INTRODUCTION GÉNÉRALE
Les prémices de l’assurance moderne
Les premiers dispositifs d’assurance modernes remontent au XIVe siècle et
concernent l’assurance maritime. Le commerce maritime s’était jusqu’alors
développé grâce aux prêts à la grosse aventure qui consistaient, pour
l’armateur, à emprunter une somme d’argent gagée sur la valeur des
marchandises qui devaient être expédiées par delà les mers. En cas d’arrivée à
bon port, l’emprunteur remboursait cette somme majorée d’un intérêt très élevé
venant en contrepartie du risque des voyages maritimes puisque, si la cargaison
était perdue, ni l’intérêt, ni le capital n’étaient remboursés.
Cette opération n’était pas à proprement parler une opération d’assurance
mais plutôt une opération de crédit dans laquelle le prêteur porte le risque de la
perte du capital. Le fait que l’intérêt stipulé soit fixé arbitrairement sans réelle
considération au risque effectivement encouru a conduit au développement
d’une activité spéculative sur ce type de contrats. Aussi, le recours au prêt à la
grosse aventure a pratiquement disparu suite à l’interdiction de la pratique de
l’usure par l’Église catholique en 1234. Il a alors fallu trouver un autre moyen
de financer ces expéditions qui participaient au développement du commerce et
de l’économie. C’est ainsi que naît la convention d’assurance sous sa forme
moderne : des banquiers acceptent de garantir la valeur du bateau et de sa
cargaison (le capital sous risque) en cas de naufrage du navire (le risque) contre
le paiement d’une somme fixe (la prime). Le développement de ce type de
contrat connaît un réel succès compte tenu, notamment, des conséquences de la
survenance des risques de la mer sur la solvabilité des armateurs.
Le deuxième type d’assurance à connaître un essor considérable est
l’assurance incendie. Le début de son développement est généralement associé
au gigantesque incendie qui frappa Londres au XVIIe siècle. En effet, le 2
septembre 1666, un feu se déclare dans Londres et ravage les quatre cinquièmes
de la ville en une semaine. Le bilan1 est de 13 200 maisons et 87 églises
détruites dont la cathédrale Saint-Paul. Le coût de la reconstruction est
considérable, aussi l’État britannique encourage la création de sociétés
d’assurance pour couvrir ce risque dans le futur.

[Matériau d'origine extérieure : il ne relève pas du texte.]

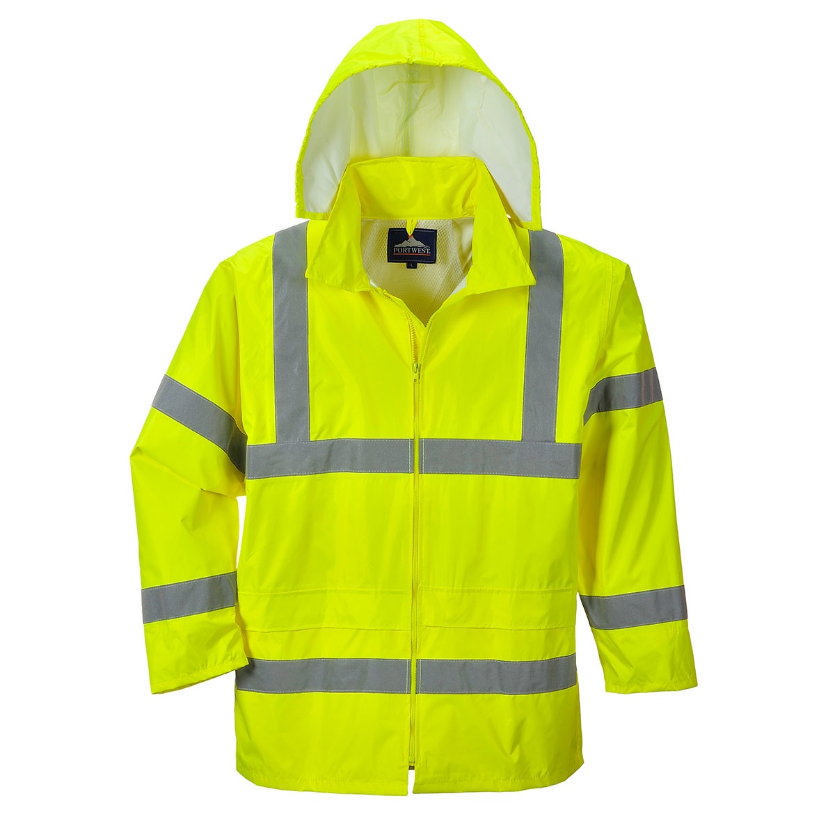 Vrlo prakticna i vodootporna Hi-Vis jakna za rad pri lošim vremenskim uslovima dizajnirana bi korisnika održala vidljivim, sigurnim i suhim u lošim vremenskim uvjetima. Izrađena je od iznimno vodootporne tkanine sa odgovarajućim REACH PVC premazom i ljepljenim šavovima kako bi se spriječilo prodiranje vode. Tkanina je UPF 40+ rangirana i blokira 98% UV zraka. Mnoštvo detalja čini jaknu msigurnom, praktičnom i ugodnom za rad: podesiva kapuljača i porub za dodatnu sigurnost i udobnost, Traka s bio motion uzorkom, za lakše prepoznavanja ljudskog obličja na udaljenosti, Otvori za dodatnu prozračnost i udobnost, Unutarnja elastična manžeta, 2 džepa za sigurnu pohranu. Ovaj se odjevni predmet lako može složiti i spremiti kada nije u upotrebi. Savršeno se kombinira s hlačama za kišu visoke vidljivosti H441.
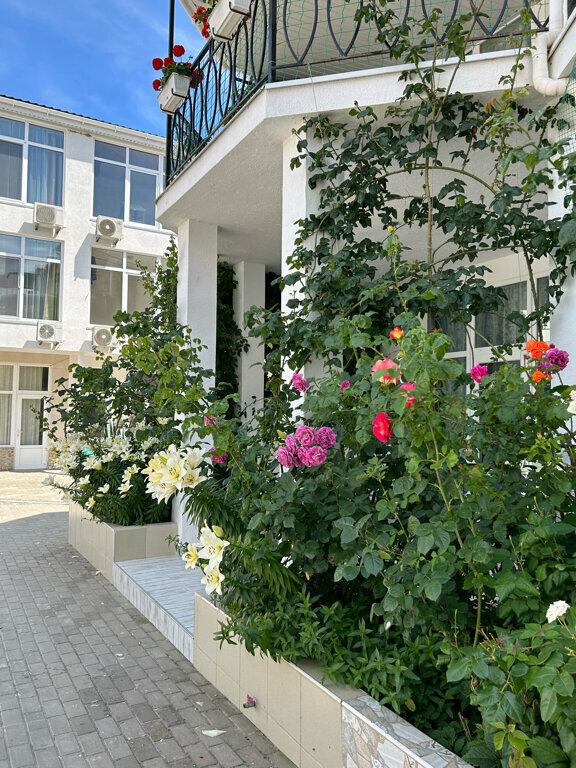 Хорошее, тихое место, нам очень понравилось! Номер для проживания супер! Отличный вариант — цена/качество. Бронировали заранее, по приезду заселились в номер на втором этаже. В номере просторно .чисто и уютно, Есть всё необходимое для комфортного проживания. До моря 50 метров, Для гостей есть свои шезлонги и навес от солнца. Заход в море галечный, чуть дальше песок. Вполне комфортно, водичка чистая. На территории есть магазинчик.
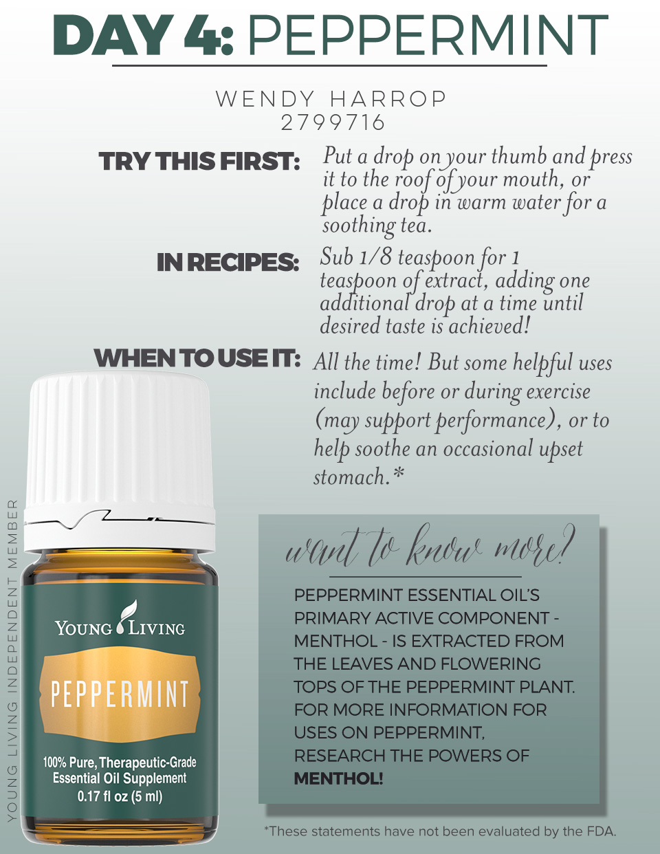 Welcome to my journey with essential oils. This blog is my testimonial. I have no medical background and speak only of my own experiences with essential oils. My posts are in no way intended to be considered medical advice. Young Living member #2799716
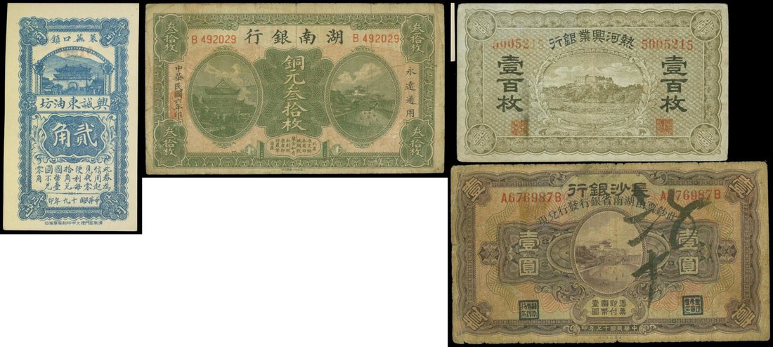 Mixed lot, Changsha Bank 1 yuan, 1928, Hunan Bank 30 copper, 1917, Industrial Development Bank of Jehol 100 coppers, ND(1921), together with a private issue Hsing Cheng Tung 20 cents, 1930, violet, green, olive and blue respectively,
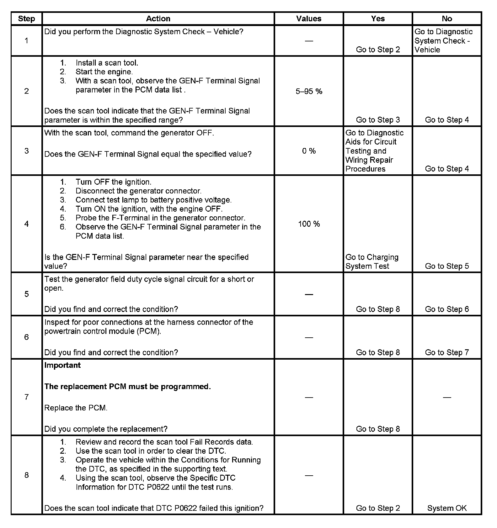 The PCM monitors the state of the generator field duty cycle signal circuit. When the key is in the RUN position and the engine is OFF, the PCM should detect a duty cycle near 0 percent. However, when the engine is running, the duty cycle should be between 5 percent and 100 percent. The PCM monitors the PWM signal using a key ON test and a RUN test. During the tests, if the PCM detects an out of range PWM signal, DTC P0622 will set. When the DTC sets, the PCM will send a serial data message to the instrument panel cluster (IPC) to illuminate the charge indicator.
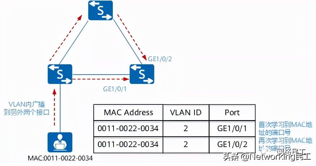 如图2-2,HostA向SwitchA发送数据时,SwitchA从数据帧中解析出源MAC地址(即HostA的MAC地址)和VLAN ID。
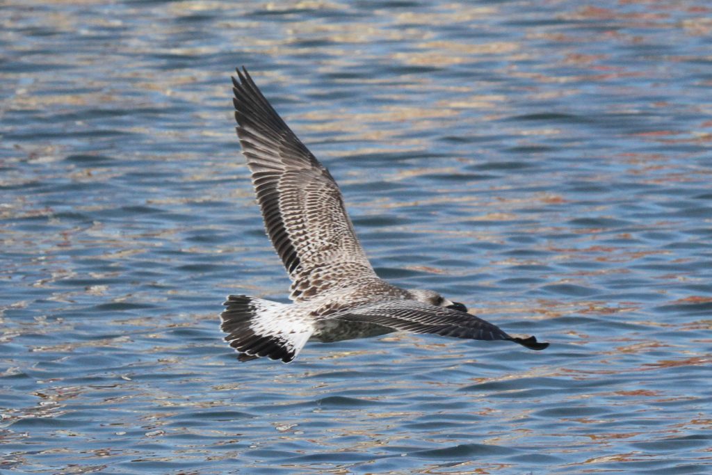 While the tertial markings, bill structure, primary window and moulted scapulars all feel great for YLG this bird had a thick black tail band and dusky legs. I’m increasingly realising that leg colour (particularly dark shins) is not a very useful feature for separating juvenile YLG and Lesser Black-backed Gull.

Les facteurs du développement de l’assurance
Ces deux exemples historiques illustrent parfaitement les deux axes qui ont
conduit ces derniers siècles au développement de l’assurance.
Le premier est celui du développement économique : des projets de grande
envergure comportent un grand nombre de risques différents dont la survenance
d’un seul de ces risques peut mettre en péril l’intégralité de l’entreprise. Les
opérations d’assurance, en transférant le risque de l’assuré vers l’assureur,
permettent d’envisager de telles initiatives qui seraient impossibles sinon. C’est
ainsi que des projets qui n’étaient concevables auparavant que par les États du
1. Cf. Ewald et Lorenzi (1998) pour les données chiffrées sur l’incendie de 1666.